Importantly, to me is the fact that the ride occurred somewhere across NW NC: Watauga, Ashe, Allegheny,  so you guys in those counties must write the Park Service, establish a trail of the ride of Martin Gamble to connect to the OVNHT and then be part of the Heritage Area. 

 Pension statements are an excellent way to connect family history to written history. I believe the US gave pensions to injured veterans and later in the 1830s land grants to veterans and families who could prove service in the Revolution. As this proof came when veterans were way passed 85 or dead, some families had pensions rejected and some had pensions accepted. 
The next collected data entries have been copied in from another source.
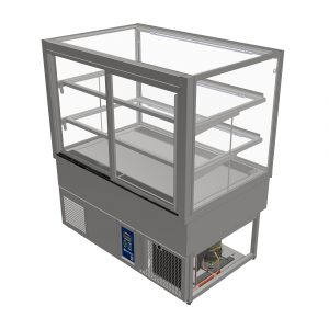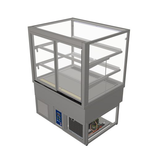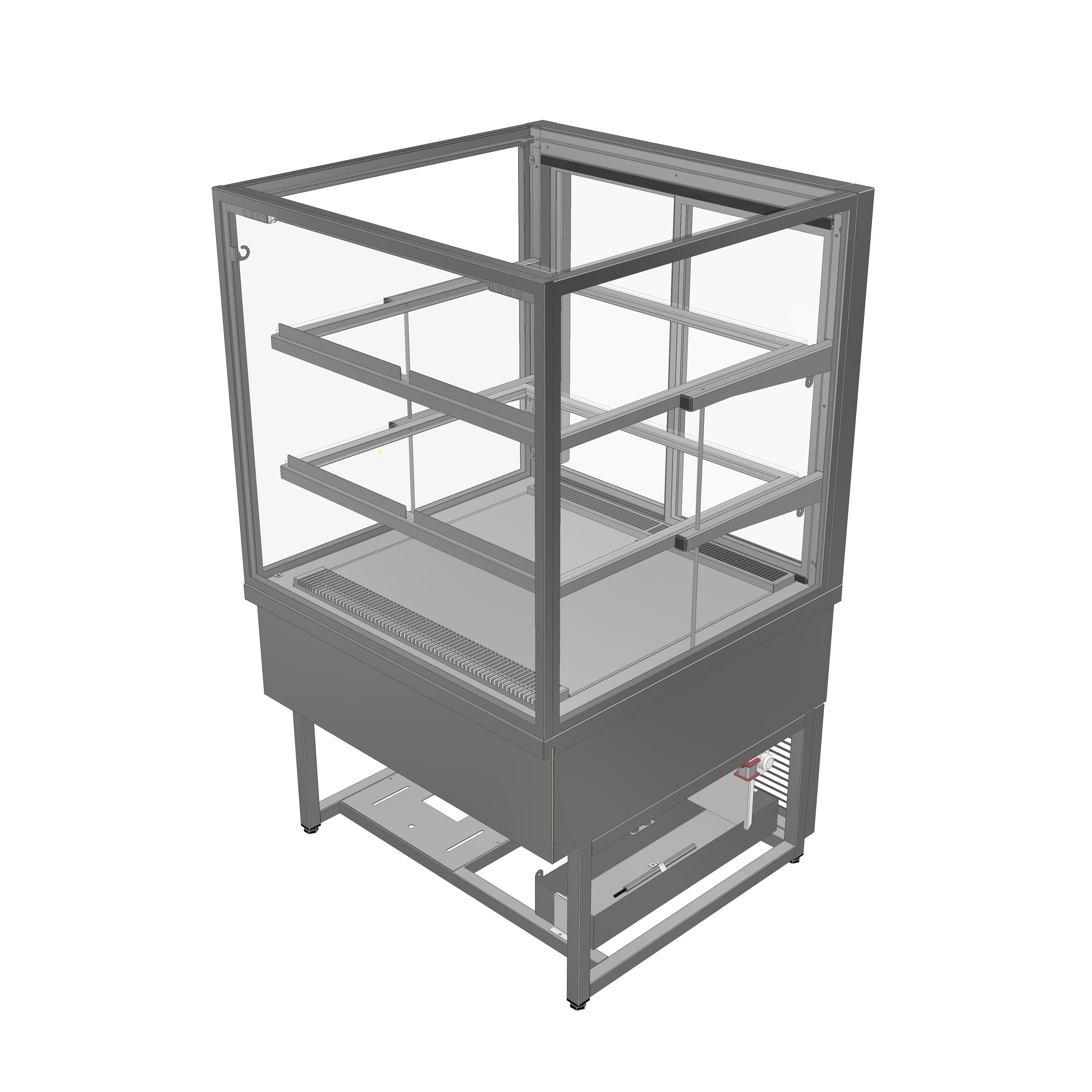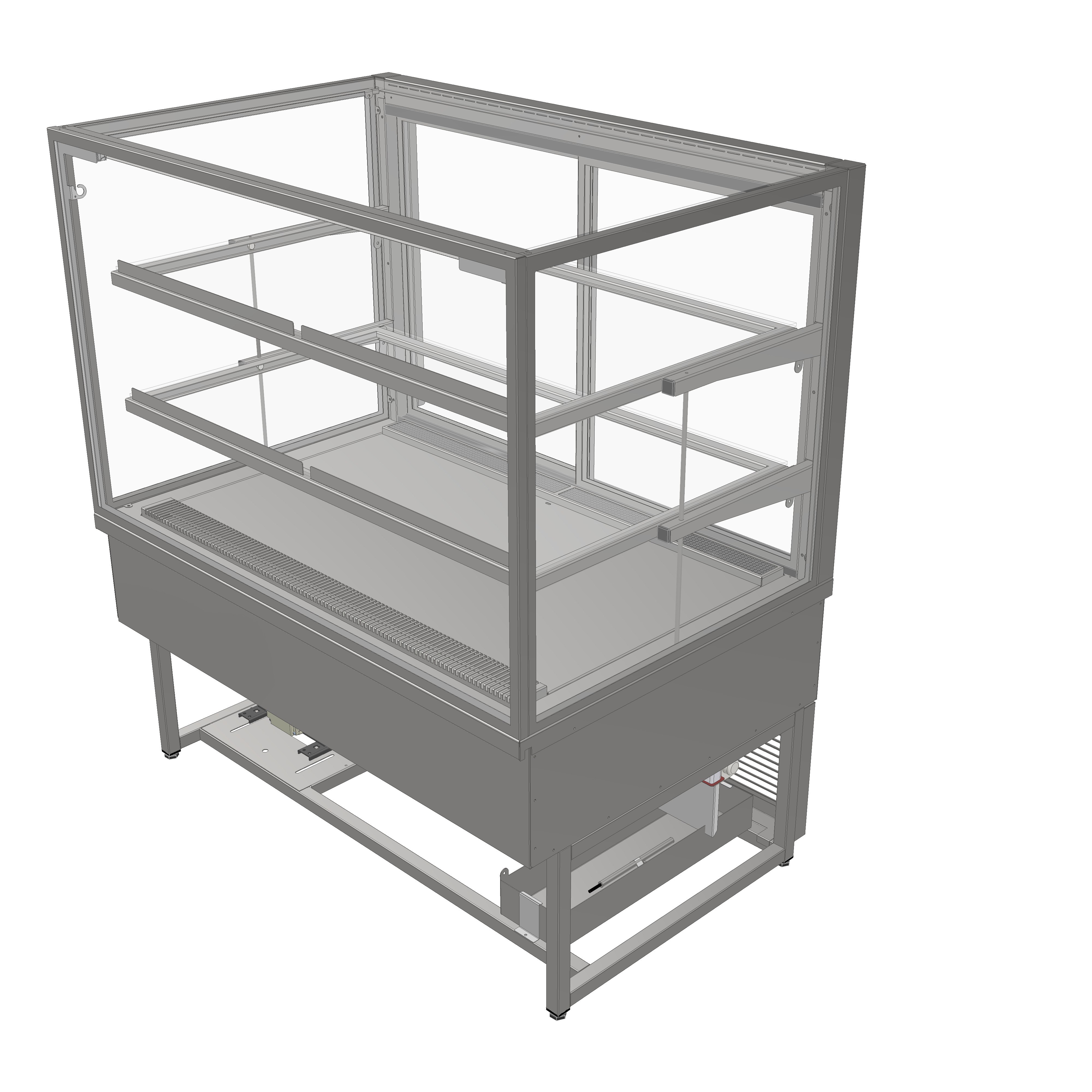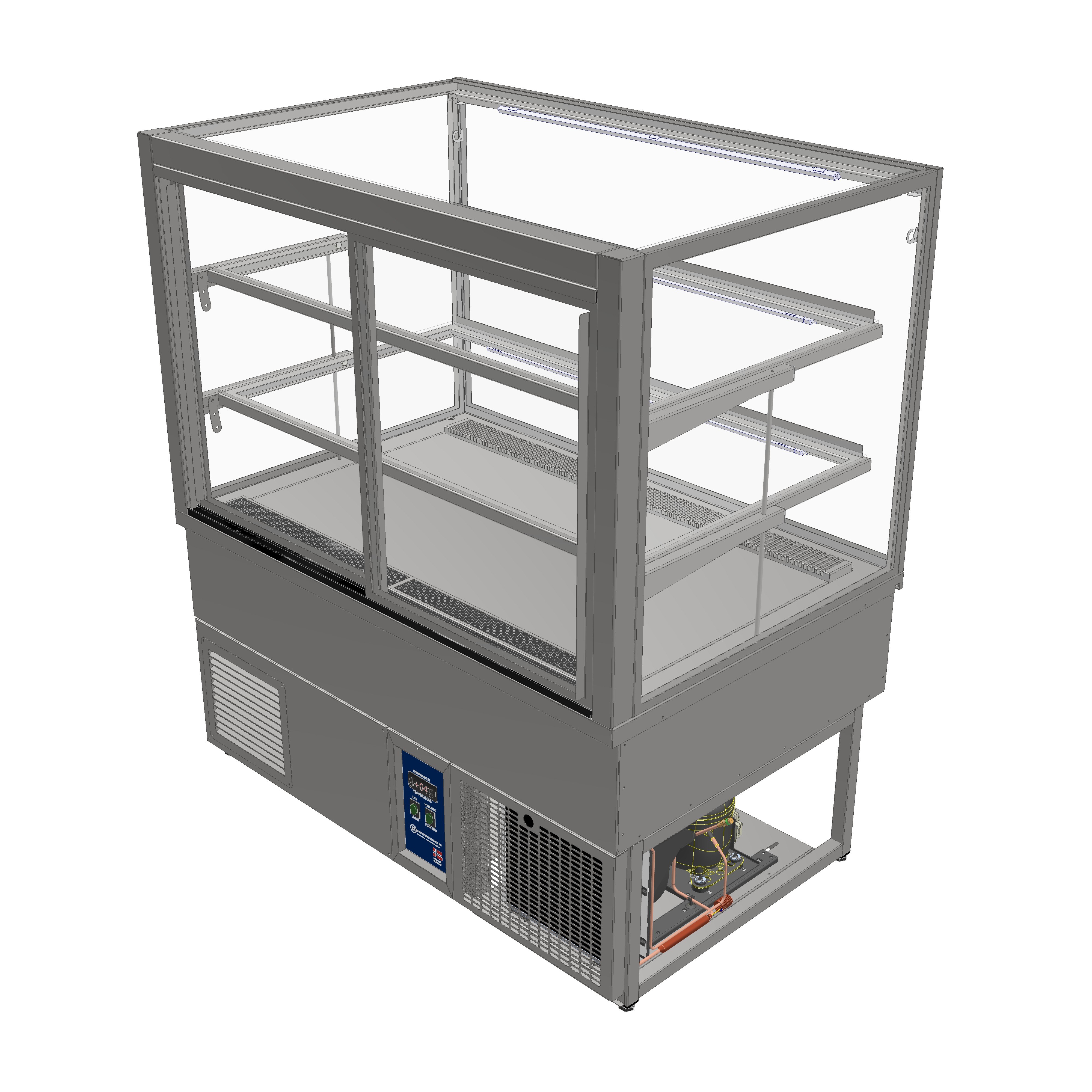 Utlufting fra kjølemaskin på betjeningsside, trenger ikke ventilasjonsrist i frontkledning.
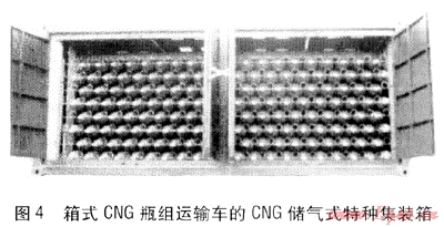 ③ 箱式CNG瓶組運輸車由箱式貨車、CNG儲氣式特種集裝箱(見圖4)組成。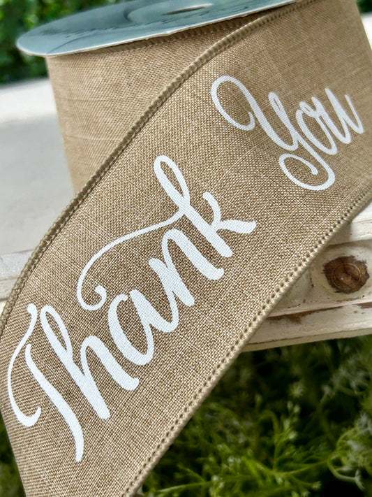 2.5 Inch By 10 Yard Light Beige And White Thank You On Royal Ribbon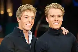 Lucas & Arthur Jussen are a Dutch piano duo. Lucas Jussen (born 27 February 1993 in Hilversum, in the Netherlands) and Arthur Jussen (born 28 September 1996, also in Hilversum) are brothers who have been performing in public since early childhood, often together as a piano duo.[1] They come from a musical family: their mother Christianne van Gelder teaches the flute, while their father Paul Jussen is a timpanist in the Dutch Radio Philharmonic Orchestra in Hilversum and a percussionist in the Ensemble Da Capo. The brothers are students of piano teacher Jan Wijn. They lived and studied with Maria João Pires and have played with pianists Ricardo Castro and Lang Lang.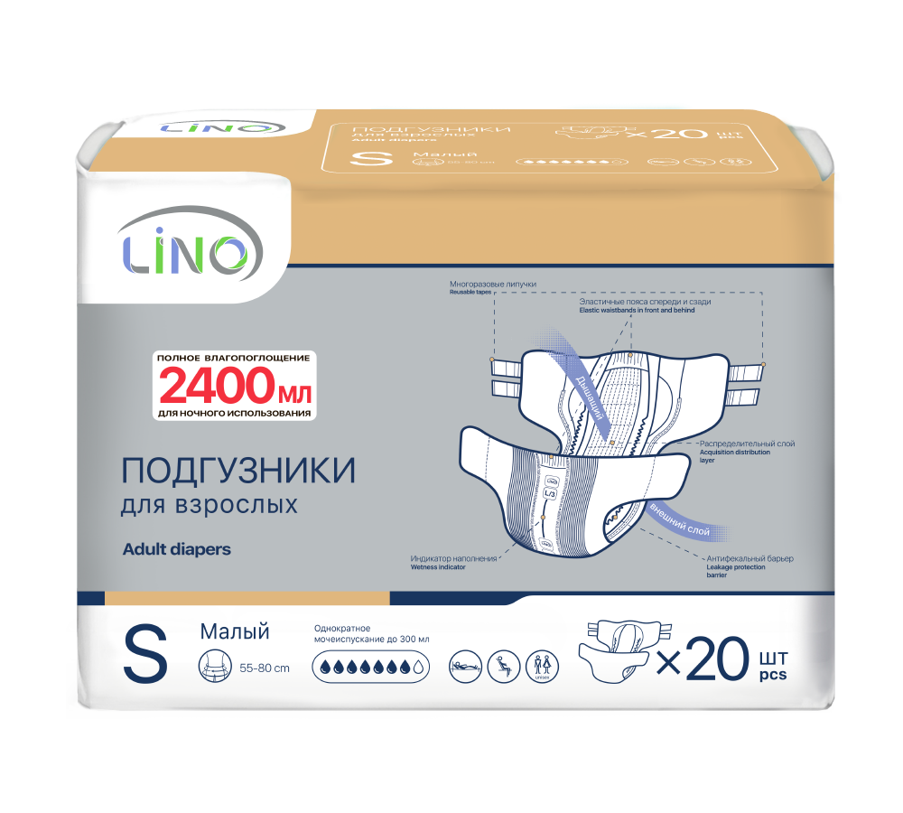 Подгузники для взрослых LINO ночные до 12 часов ношения предназначены для людей с различной степенью недержания. Прилегающий к телу слой сделан из мягкого нетканого материала, который обеспечивает бережный уход за кожей. Быстро впитывают и удерживают влагу, в течение длительного времени, поддерживая сухость, чистоту и комфорт.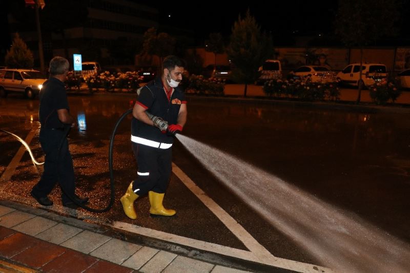 Ramazan Bayramı’nın yaklaşmasından dolayı her yıl olduğu gibi bayram öncesi ilçe merkezinde temizlik çalışmaları yapılıyor. Bu yılda Korona virüs dönemine denk gelmesinden dolayı daha titiz ve dikkatli bir şekilde yıkayan İtfaiye ekipleri şehri pırıl pırıl etmek için uğraşıyorlar.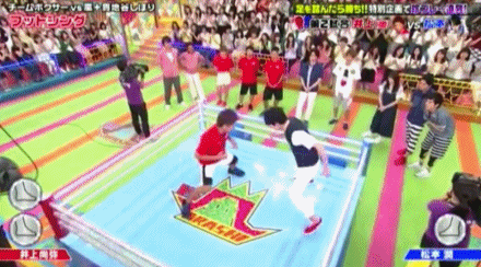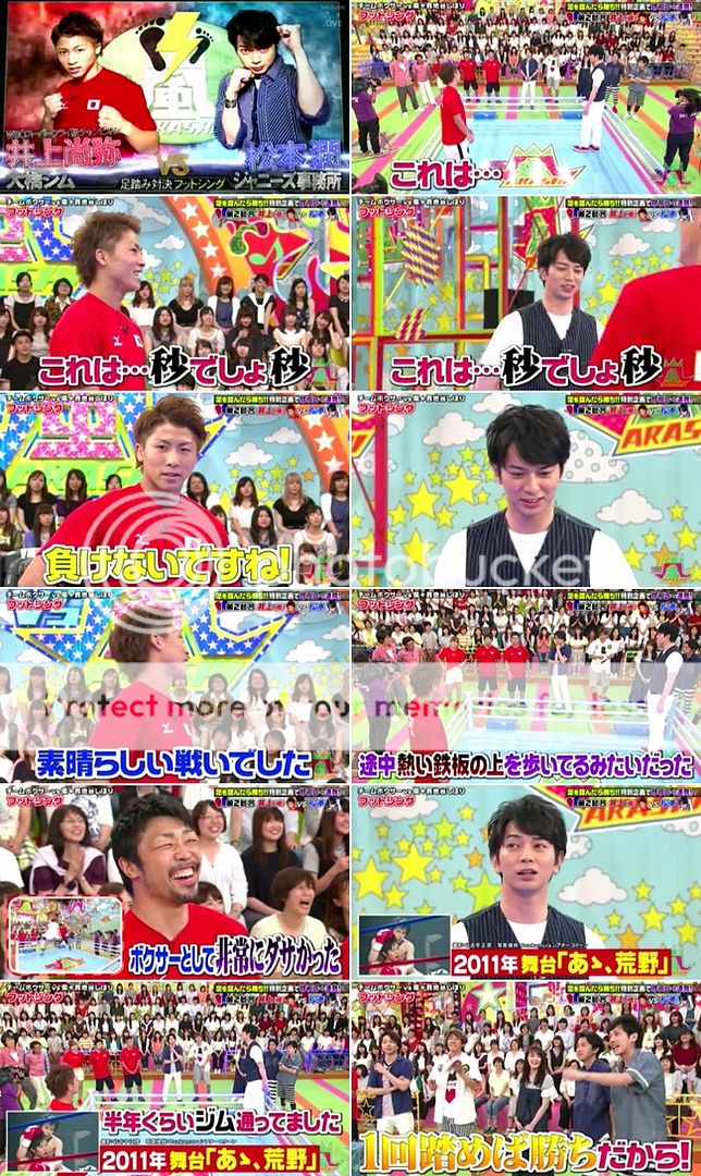 接下來是J要對壘國寶級的拳擊選手井上桑。因為之前J拍攝過拳擊選手的角色所以這次絕對不能輸。NINO還在旁邊說風涼話『只要踩到一次就贏了哦!』也要踩到才行啊。哈哈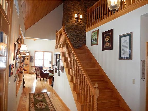 Located in Springfield Twp., this one and a half story style home has 3 bedrooms, 2 full baths and 2 half baths. 214 Harris Road is situated in the Connellsville Area School District.This home also has off-street parking with 4 spaces, 2 fireplaces, ceramic tile, hardwood, wall to wall carpet floors, electric, heat pump heating, and central air cooling. This custom built Craftsman Style home is nestled on 18.7 wooded acres, minutes from 7 Springs and has over 4,000 finished sq ft Quality is evident throughout this Stone and Hardi-plank home with many built-ins, Hickory hardwood floors, cathedral ceilings, 1st floor guest room, in-house speakers, covered front porch with composite floor, large rear composite deck, poured concrete foundation, 28' ceiling and stone fireplace in the great room. The chef's kitchen has Red Alder cabinetry, commercial style stove, large island, walk-in pantry and solid surface counters. The lower level features an expansive L-shaped game room complete with wet bar, wood burner, beer tap, cozy sitting area, built-in study area and 1/2 bath. You'll love the master suite with walk-in shower in the bath. For dog lovers - there is a 12x14 mudroom has a dog shower and an underground dog fence. A substantial shed/garage is ideal for lawn care equipment plus a fruit orchard.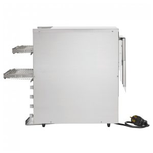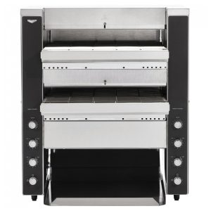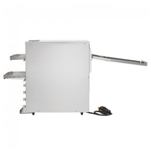 As resistências de quartzo eficientes em energia proporcionam um cozimento rápido e uniforme por convecção forçada. Com esteiras e sistema de acionamento livre de manutenção. O modo de espera reduz o consumo de energia em até 75% durante os períodos de baixa demanda. Os controles de velocidade variável e de calor superior e inferior permitem resultados precisos. Abertura ajustável para torrar até 1.100 fatias por hora. Ideal para estabelecimentos comerciais. Voltagem de 208V e potência de 4950W.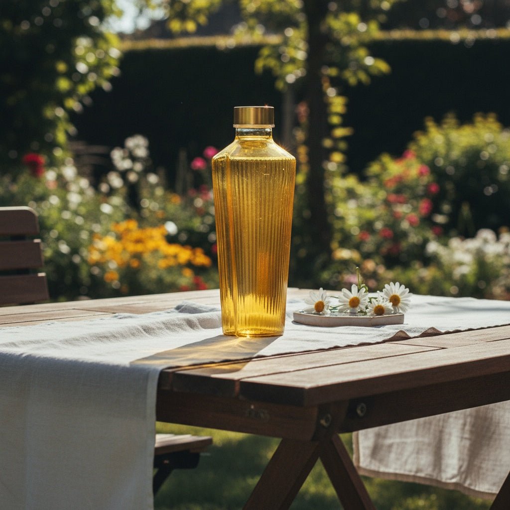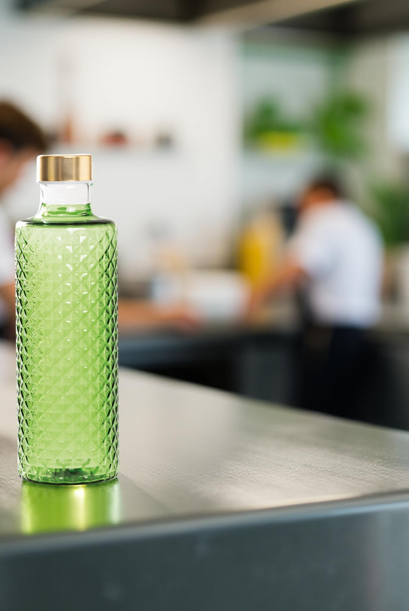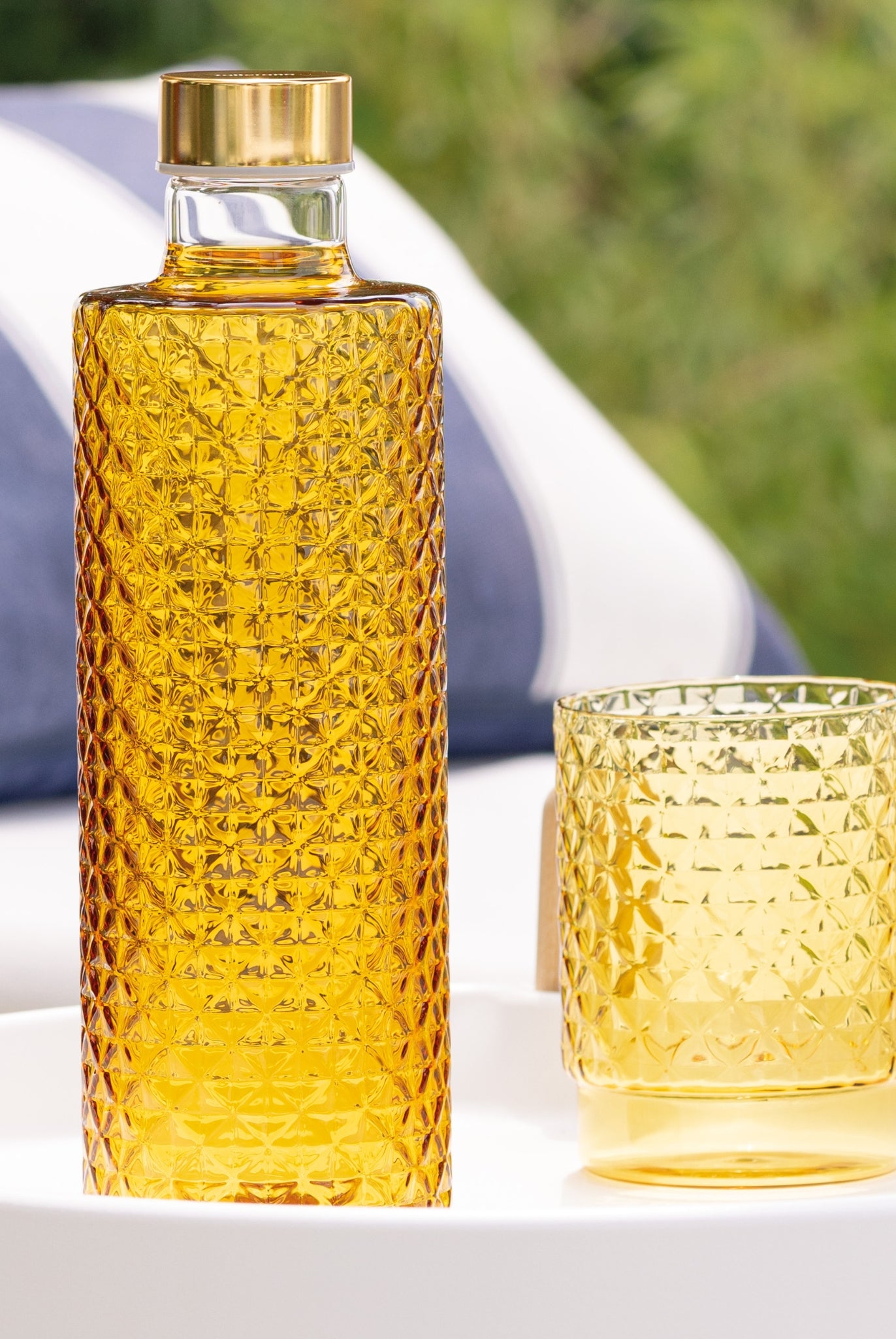 Mit 900 ml Fassungsvermögen, 24,5 cm Höhe und 9,6 cm Durchmesser liegt die Flasche angenehm in der Hand und bietet genug Platz für deine Lieblingsgetränke. Das spülmaschinenfeste Borosilikatglas sorgt für einfache Reinigung und lange Freude – ideal für den täglichen Gebrauch und besondere Momente.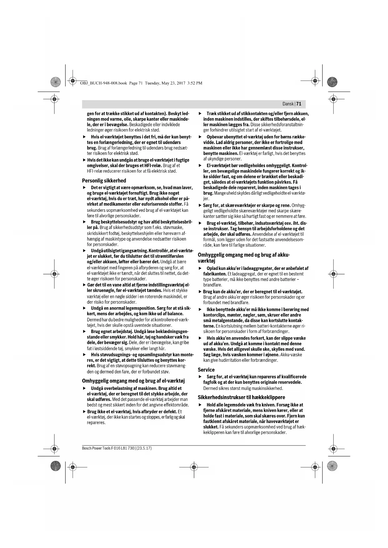 - afhængigt af den anvendte akku OBJ_BUCH-948-008.book Page 74 Tuesday, May 23, 2017 3:52 PMDansk | 75 Bosch Power Tools F 016 L81 730 | (23.5.17) Brug ikke 4,0 Ah akkuen med dette el-værktøj. Støj-/vibrationsinformation Støjemissionsværdier bestemt iht. EN 60745-2-15. Maskinens A-vægtede støjniveau er typisk: Lydtryksniveau 67 dB(A); lydeffektniveau 87 dB(A). Usik- kerhed K =3 dB. Brug høreværn! Samlede vibrationsværdier a
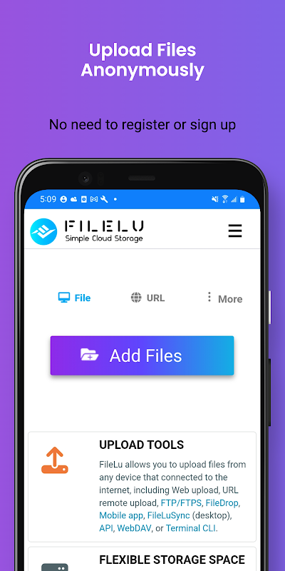 APKPure 使用簽章驗證功能,確保為您提供無病毒的 FileLu - Cloud Storage Backup APK 下載。

My son's paternal grandfathers line includes Capt. Samuel Martin of men called the South Fork Boys from the area of Gaston County and Lincoln County.  The South Fork area was originally home to the Catawba Indians and later to European descent whites who settled in the country already anti-English.  The link to the South Fork describes the white settlers and the description of the Scots-Irish specifically as "thrifty people who kept the Sabbath and anything else they could get their hands on"  I'm personally of so much English descent I don't know quite what to think, so I'm not really bragging about the Scots-Irish, but it surely explains a lot. I'm sure my son's father's relatives were the major reason Cornwallis was pestered out of the area of Charlotte. Fearless and Irish. 'nough said.

Samuel Martin lived to be 104 years old and despite all efforts and knowledge of his fighting, he somehow did not receive compensation even though his pension was accepted when he was 101. He was old - in his forties during the Rev. War - and an immigrant from Ireland. He must have been mighty tough. His group of 20 troops lost the greatest percentage of men in the heat of the King's Mountain battle. So they were in the thick of it.

It was recorded that his horsemanship as a cavalry man and athletic ability was so great he could leap over two horses to mount.  Here is a story from the link above that can't be missed...  Capt. Martin is serving with Colonel William Washington, a cousin of George Washington.

Soon after this service Captain Martin was ordered to proceed with his company to Rugeley's Mill, in Kershaw county, S.C. Here Colonel Rugeley, the Tory commander, had assembled a considerable force, and fortified his log barn and dwelling house. Colonel Washington, by order of General Morgan, had pursued him with his cavalry, but having no artillery, he resorted to, an ingenious stratagem to capture the post without sacrificing his own men. Accordingly he mounted a pine log fashioned as a cannon, elevated on its own limbs, and placed it in position to command the houses in which the Tories were lodged. Colonel Washington then made a formal demand for immediate surrender. Colonel Rugeley fearing the destructive consequences of the formidable cannon bearing upon his command in the log barn and dwelling house, after a stipulation as to terms, promptly surrendered his whole force, consisting of one hundred and twelve men, without a gun being fired on either side. It was upon the reception of the news of this surrender that Cornwallis wrote to Tarleton, "Rugeley will not be made a Brigadier."

Don't you think this is equally as cool as the Redcoat dolls in the movie "The Patriot"? And this really happened!